Pouco interessa estes outros se estamos assegurados por nossos inter-pares, que não só participam de modo cúmplice , mas que também levam o seu , numa rede de conluios e trapaças , cuja oneração , ou seja , a conta , tem que ser paga por todos ,aqueles que sequer comeram do bolo.

O custo é incalculável e repercute em todas esferas da vida , principalmente , onde os investimentos são necessários para melhorar a vida coletiva em seus aspectos variados , como saúde , alimentação , transporte , lazer etc .

O cenário fica ainda mais agravado, quando nos damos conta, que somente alguns poucos usufruem de tal regalias e que criam mecanismos de reprodução e de defesas elaboradas , para não perderem o gozo dessa usurpação , bem como , colocam a si mesmos como representantes legítimos de tal aberração .

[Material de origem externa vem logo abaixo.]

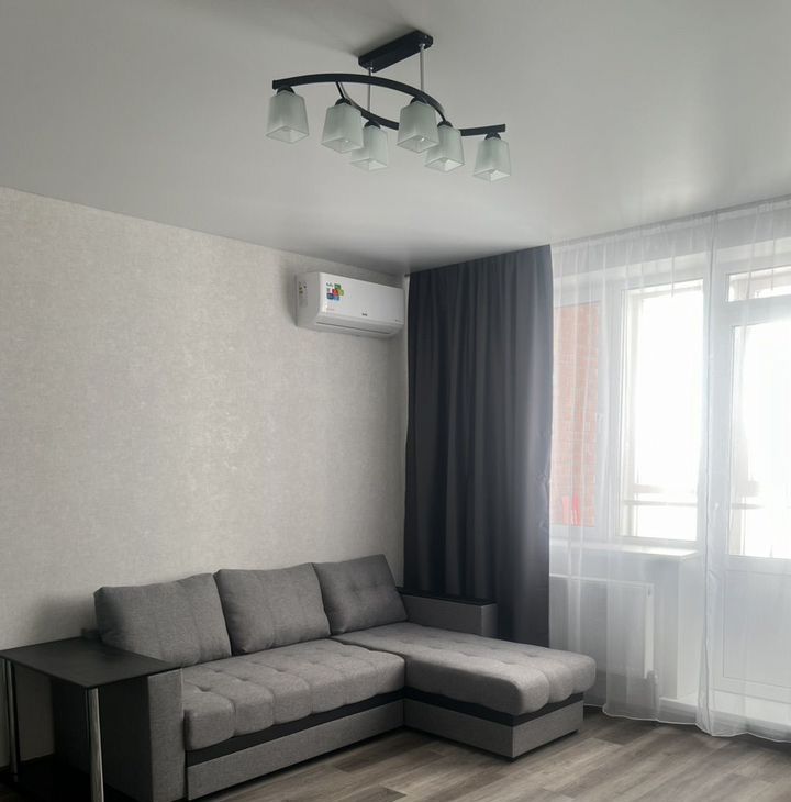 В гостиной установлен кондиционер, телевизор и удобный диван. Из мебели также имеются шкафы.
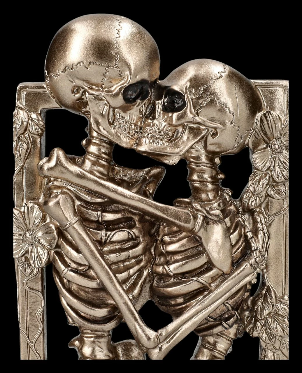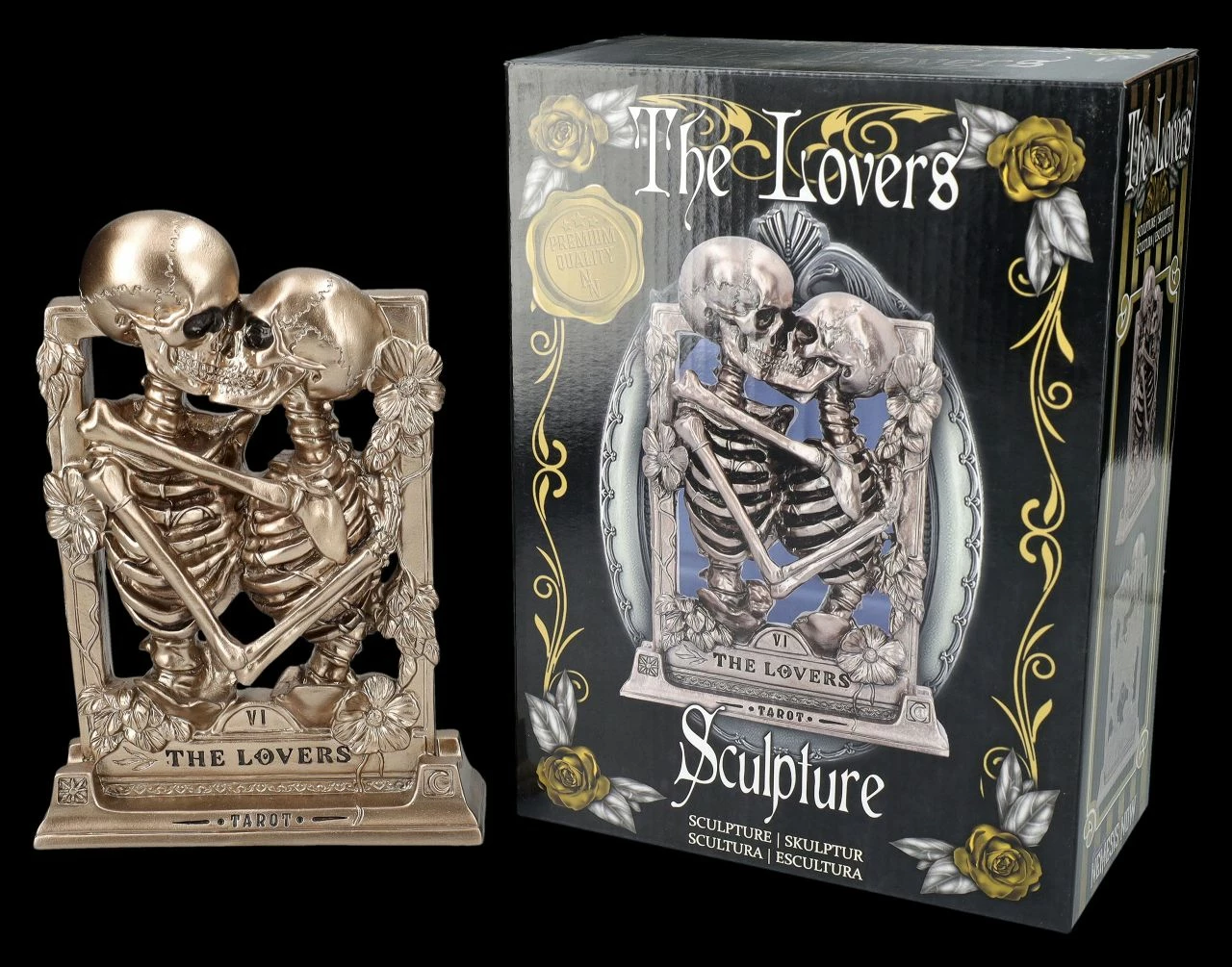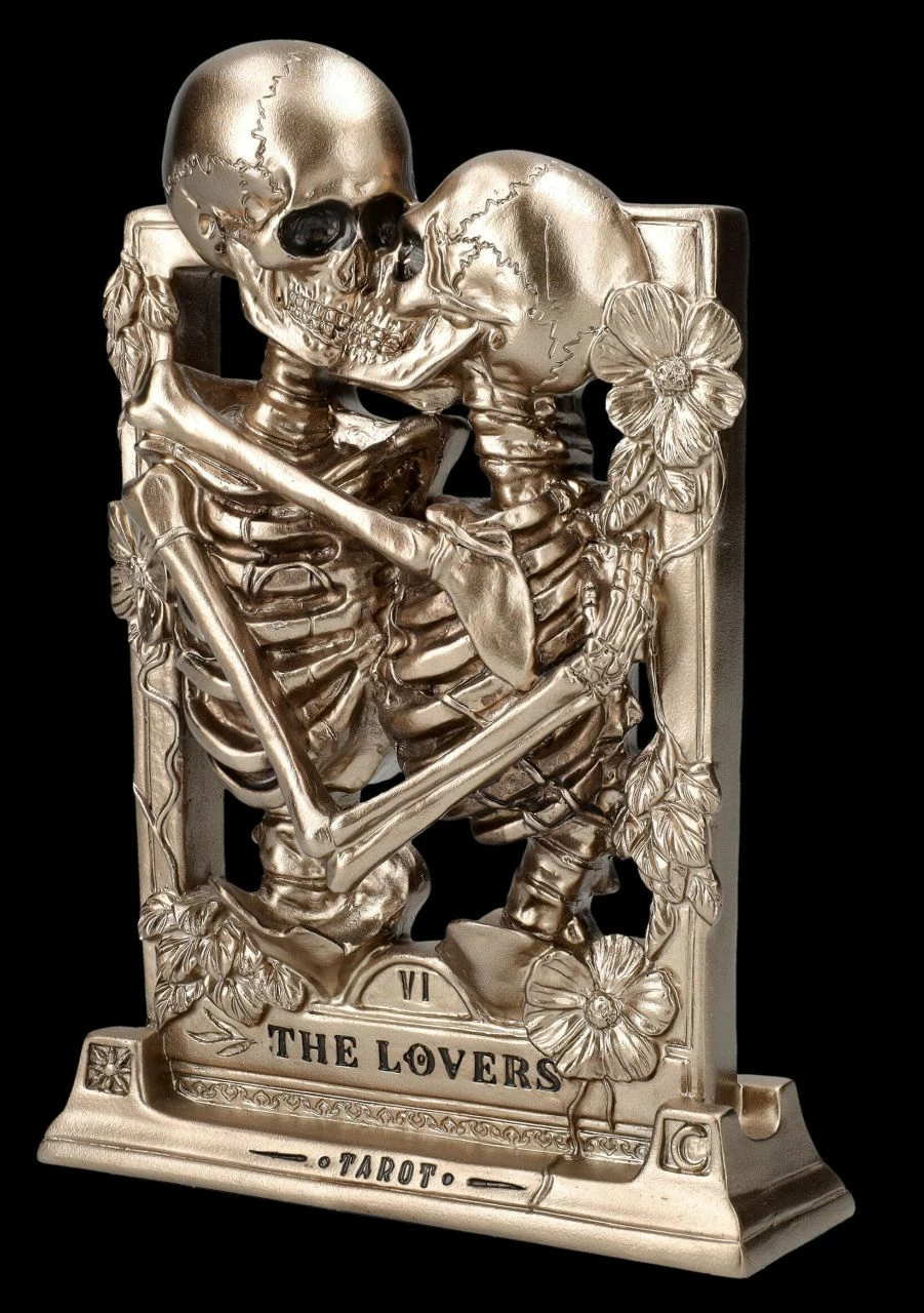 ‚The Lovers‘ steht auf dem wie eine Tarotkarte gestalteten Rahmen mit dem sich zärtlich küssenden Skelett-Liebespaar. Im Tarot geht es bei den Liebenden um die Bedeutung von Liebe, Sehnsucht, Partnerschaft und Entscheidungen. Dieses Skelett-Liebespaar zeigt auch, dass ihre Liebe bis über den Tod hinaus bestehen wird. Die 20,5 cm hohe, 14,5 cm breite und 6 cm tiefe Skelett-Dekofigur von Nemesis Now ist detailreich aus handbemaltem Kunststein (Polyresin) gefertigt. Sie ist auch ein vielsagendes Geschenk und kommt in einem toll bedruckten Geschenkkarton.

Obviamente ,e sabemos bem disso , nada disso é novo ,e senhores e escravos, opressores e oprimidos , patrões e empregados , governos e sociedades , sempre dialetizaram em torno de seus interesses políticos e materiais , e nesse sentido a história parece se repetir .

No entanto , na medida em que evoluímos , seja pela retórica da evolução biológica ou espiritual , onde a evolução da consciência parece ser a chave do processo , vamos percebendo também que o mundo encarna às mazelas que nos pertencem .

Correções que estabeleçam um correto que não seja morto ou corrompido , dependem de uma certa suscetibilidade , que pode vir pelo viés político, religioso , ou espontaneamente compassivo , onde o outro não pode ser uma decoração sem voz , sem reconhecimento , sem um mínimo de sujeito que diga , que aja , que faça jus ao que o humano tenha de dignidade.

O tal "olho grande" que atribuímos às crendices e superstições , pelo contrário , parece um fato de grande relevância científica , pois é grande por querer conter mais e mais , sustentando a lógica perversa , de que uma vez podendo ter mais , porque não?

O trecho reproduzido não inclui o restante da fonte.